#### [WHAT YOU SHOULD DO]
I'd like the listing below copied exactly, with the images left out.

Start of DATASET CONTENT

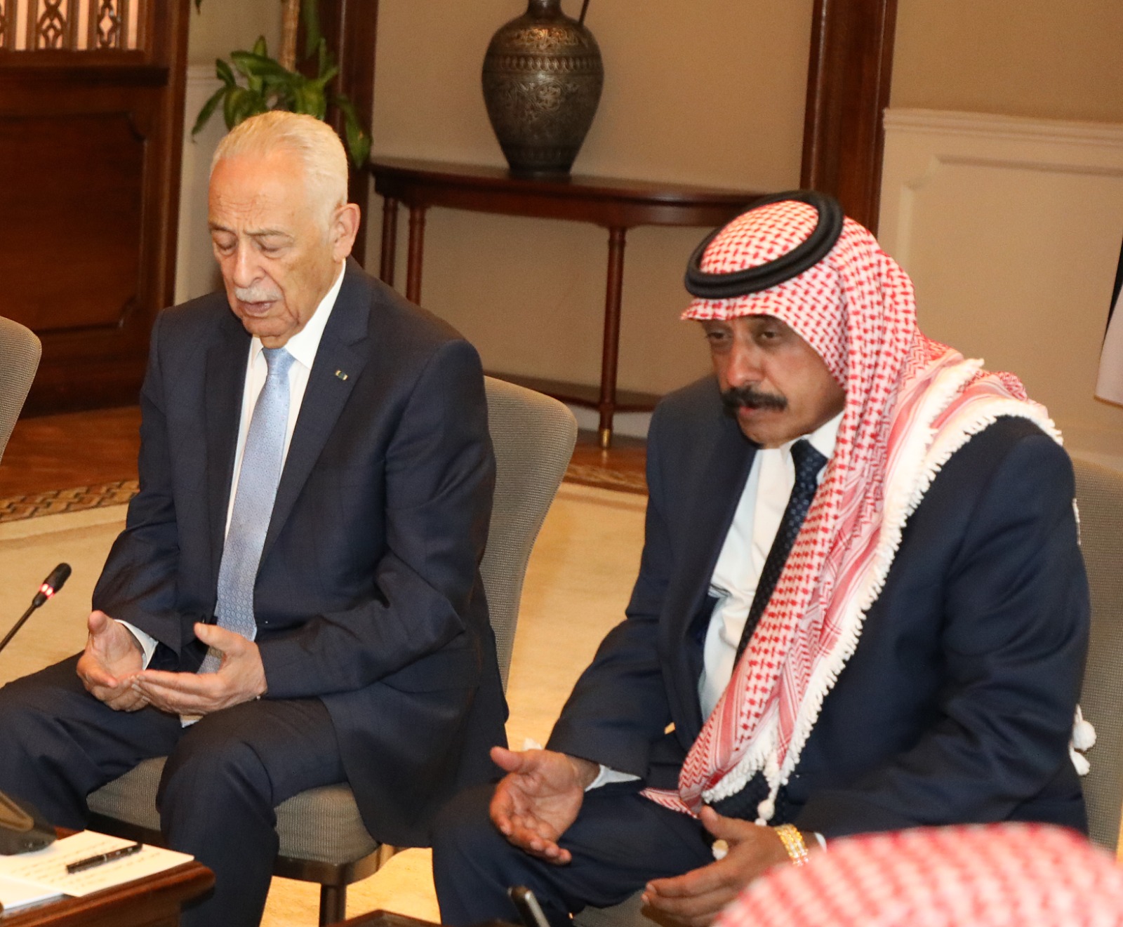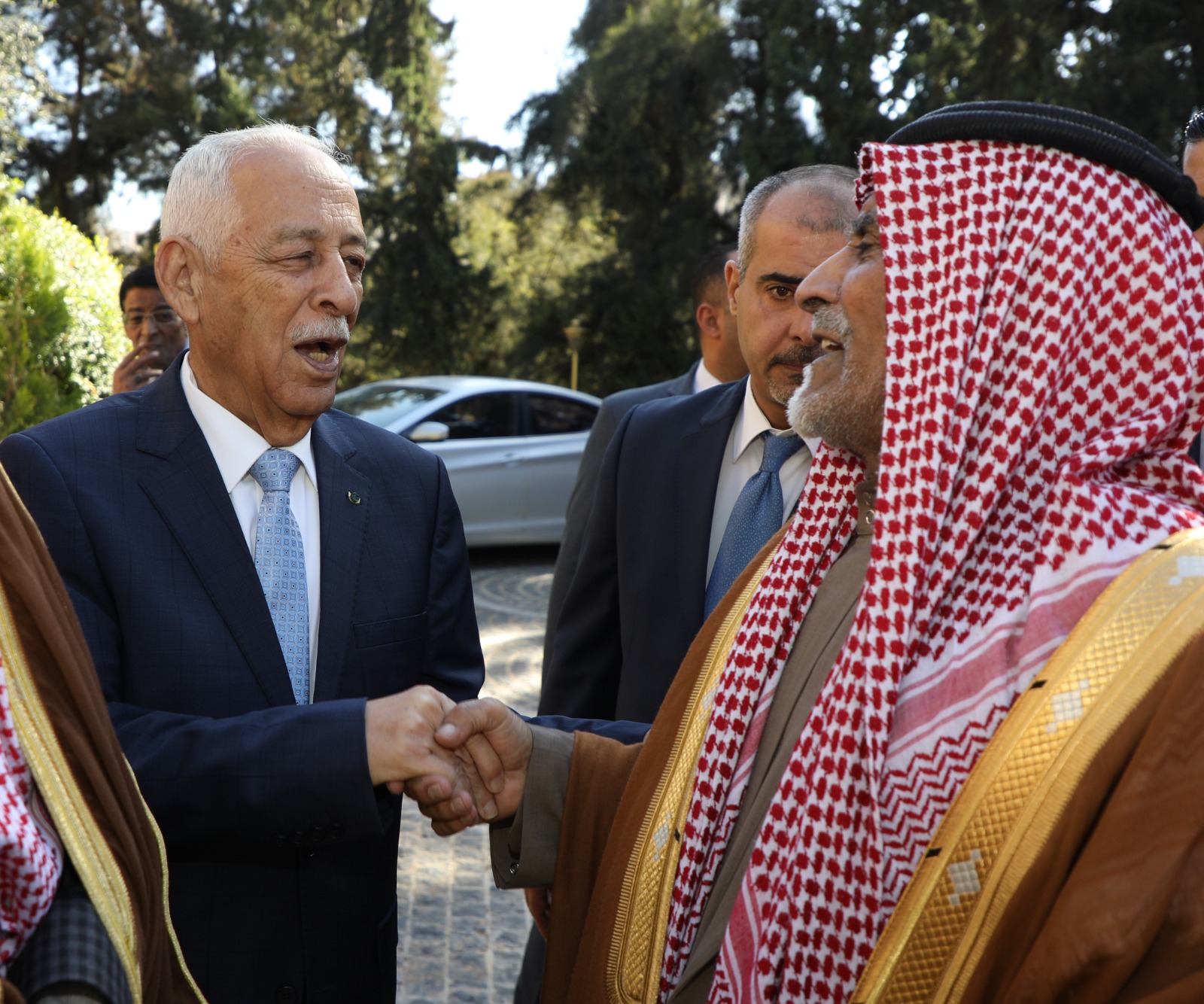 وخلال اللقاء، أشاد الحضور بجهود الأردن، بقيادة جلالة الملك، بكسر الحصار على غزة، من خلال إرسال مستشفى ميداني جديد إلى غزة وتأمين المستشفى الميداني الأول في قطاع غزة بالمستلزمات الطبية من خلال عملية إنزال جوي مظلي، نفذتها طائرات تابعة لسلاح الجو الملكي، بناء على توجيهات ملكية، ومواصلة ارسال المساعدات الإنسانية والإغاثية والطبية منذ اندلاع الحرب.
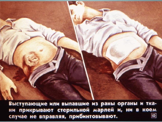 Если обнажились внутренние органы, нужно накрыть их чистой влажной тканью или стерильными салфетками
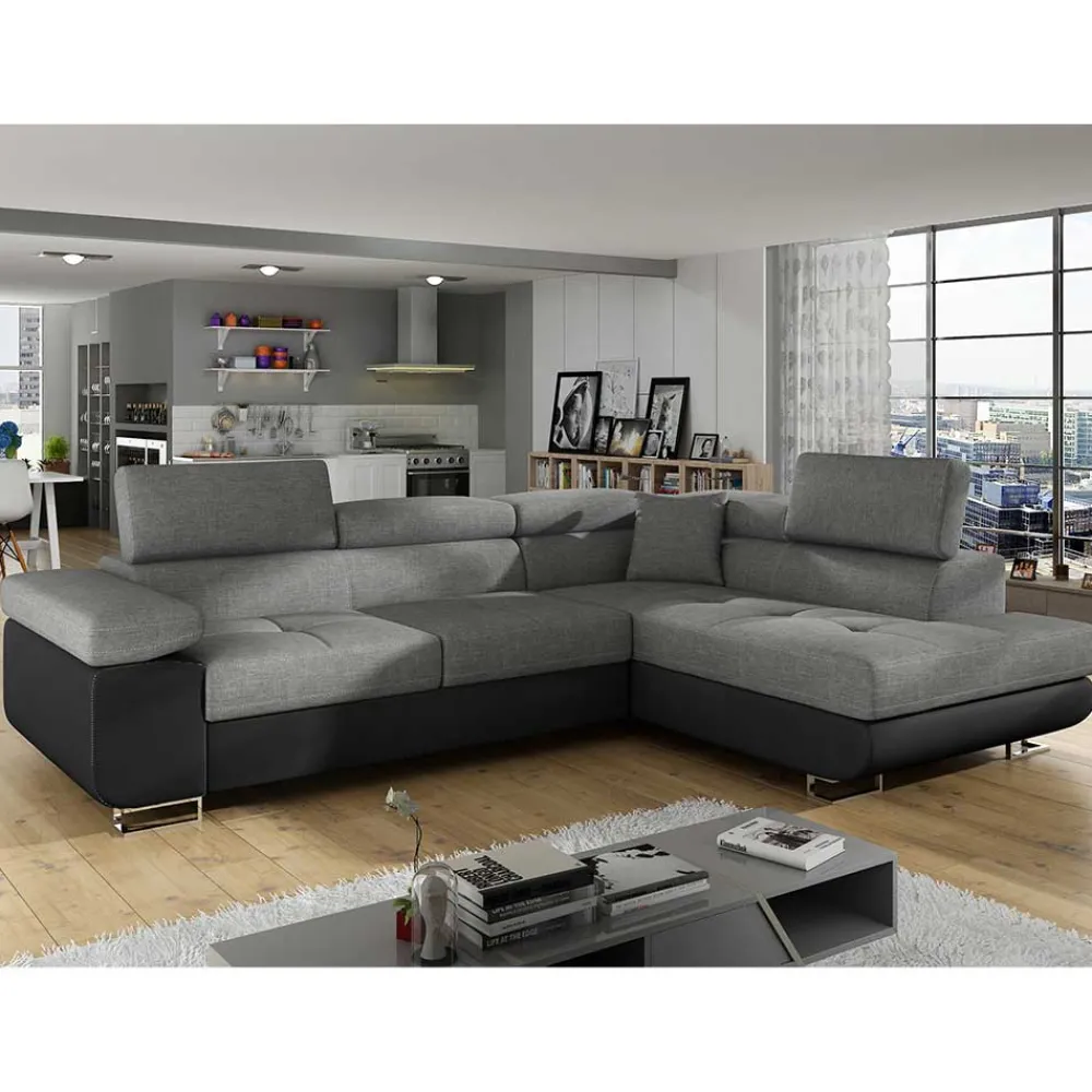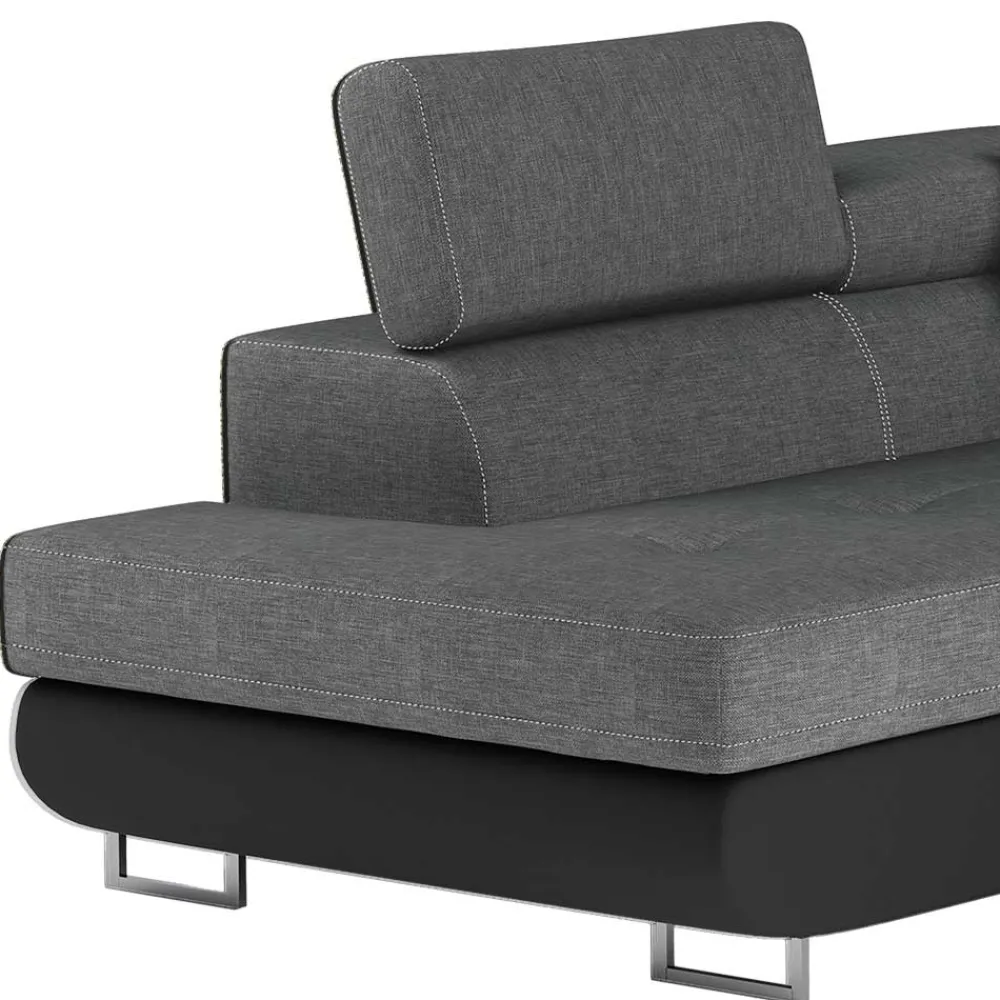 Das L-Schlafsofa „Vichada“ vereint edles Design mit praktischen Funktionen. Der dezente Grauton des strapazierfähigen Webstoffs harmoniert perfekt mit dem tiefschwarzen Kunstleder, wodurch ein zeitgemäßes Farbspiel entsteht, das Ihre Einrichtung auf stilvolle Weise ergänzt. Mit „Vichada“ verleihen Sie Ihrem Wohnzimmer einen modernen und zugleich gemütlichen Charakter.

End of DATASET CONTENT

#### [WRITTEN RESPONSE]
 وخلال اللقاء، أشاد الحضور بجهود الأردن، بقيادة جلالة الملك، بكسر الحصار على غزة، من خلال إرسال مستشفى ميداني جديد إلى غزة وتأمين المستشفى الميداني الأول في قطاع غزة بالمستلزمات الطبية من خلال عملية إنزال جوي مظلي، نفذتها طائرات تابعة لسلاح الجو الملكي، بناء على توجيهات ملكية، ومواصلة ارسال المساعدات الإنسانية والإغاثية والطبية منذ اندلاع الحرب.
 Если обнажились внутренние органы, нужно накрыть их чистой влажной тканью или стерильными салфетками
 Das L-Schlafsofa „Vichada“ vereint edles Design mit praktischen Funktionen. Der dezente Grauton des strapazierfähigen Webstoffs harmoniert perfekt mit dem tiefschwarzen Kunstleder, wodurch ein zeitgemäßes Farbspiel entsteht, das Ihre Einrichtung auf stilvolle Weise ergänzt. Mit „Vichada“ verleihen Sie Ihrem Wohnzimmer einen modernen und zugleich gemütlichen Charakter.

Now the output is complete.